> Work to complete: Take the line that holds "Rachel wrote the" and every line after it to the end of the entries, and repeat them exactly without the pictures.

::: Dataset extract :::

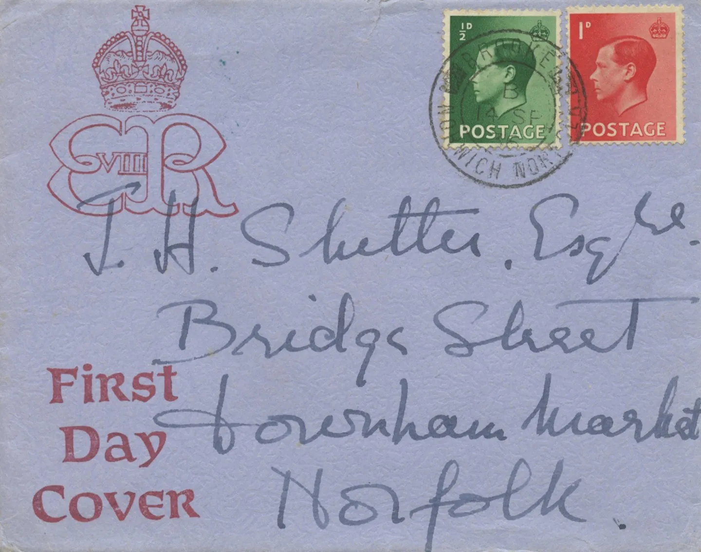 The 1d Red King Edward VIII stamp with recently added rubber stamp cachet with neat hand written address.
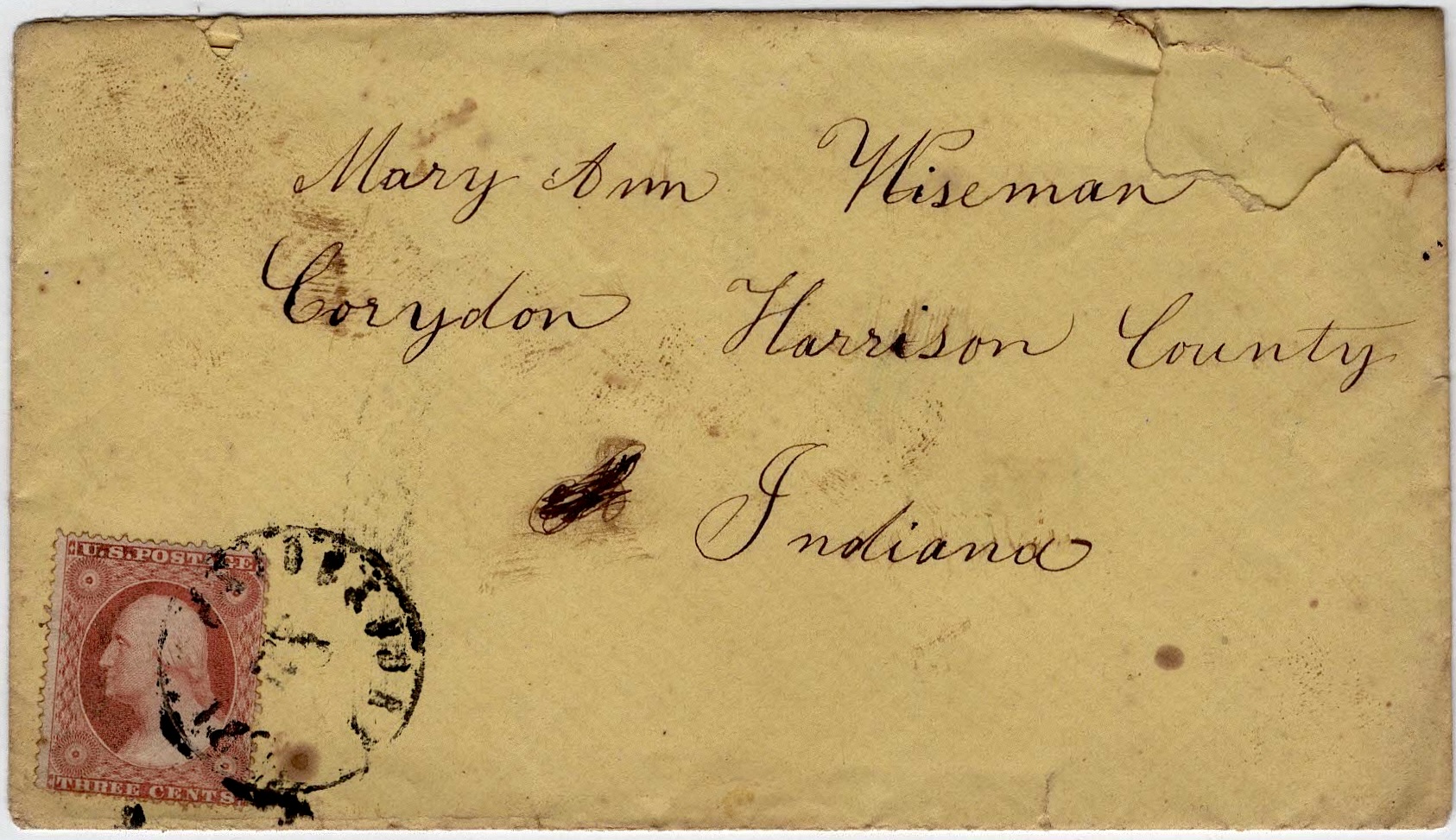 Rachel wrote the letter to her “respected friend” Mary Ann (Byerly) Wiseman (1837-1922) who was married to William Benjamin Wiseman (1832-1909) of Corydon, Harrison county, Indiana, in 1858. Mary Ann was the daughter of Jacob Byerly (1812-1862) and Susan Eliza Wiseman (1817-1869).
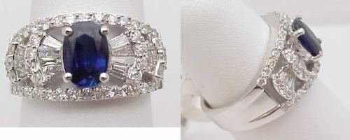 Lady's ring sapphire center stone 1.51Ct with diamonds 1.12Ctw 14kt white gold size 7
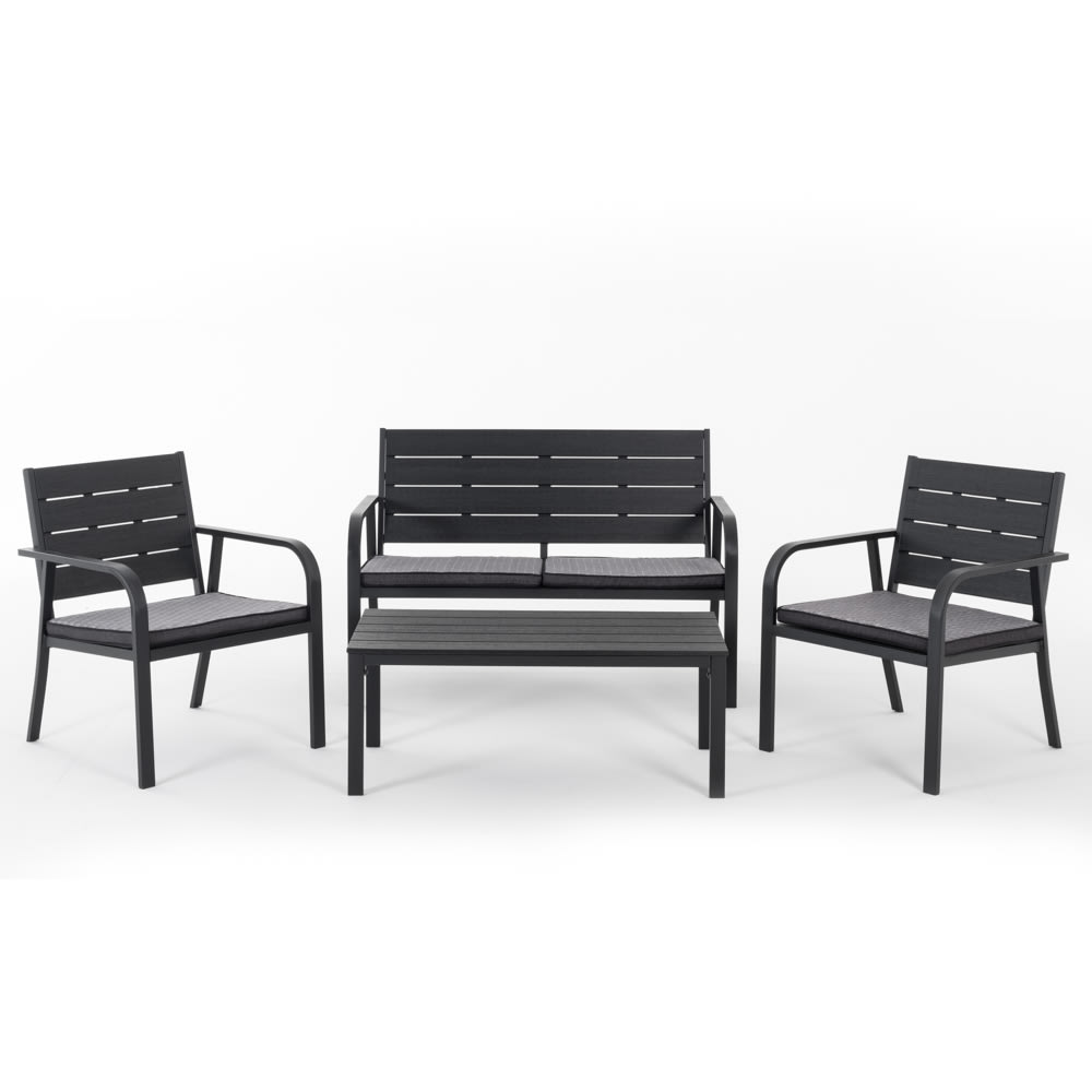 Set da esterno 4 posti in acciaio e polietilene effetto legno
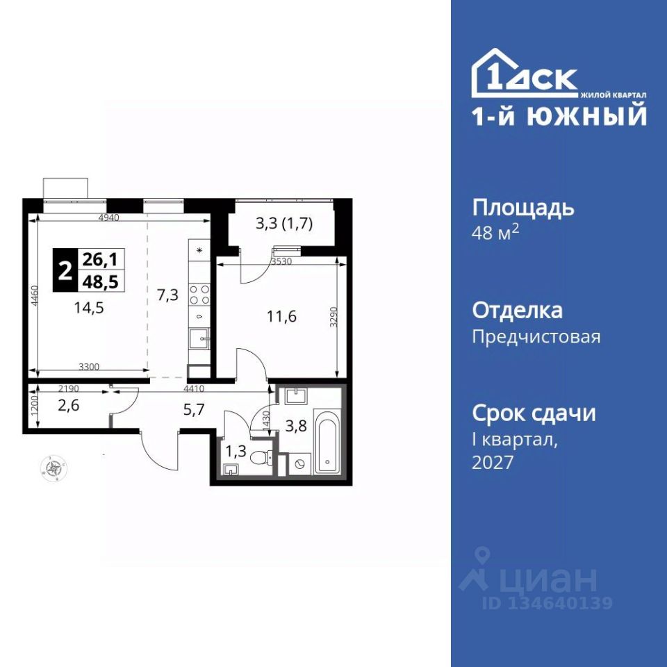 Продаётся 2-к квартира номер 629 общей площадью 48.5 кв.м. на 16-м этаже 24 этажного здания. Отделка Whitebox.

:::

> Solution:
 Rachel wrote the letter to her “respected friend” Mary Ann (Byerly) Wiseman (1837-1922) who was married to William Benjamin Wiseman (1832-1909) of Corydon, Harrison county, Indiana, in 1858. Mary Ann was the daughter of Jacob Byerly (1812-1862) and Susan Eliza Wiseman (1817-1869).
 Lady's ring sapphire center stone 1.51Ct with diamonds 1.12Ctw 14kt white gold size 7
 Set da esterno 4 posti in acciaio e polietilene effetto legno
 Продаётся 2-к квартира номер 629 общей площадью 48.5 кв.м. на 16-м этаже 24 этажного здания. Отделка Whitebox.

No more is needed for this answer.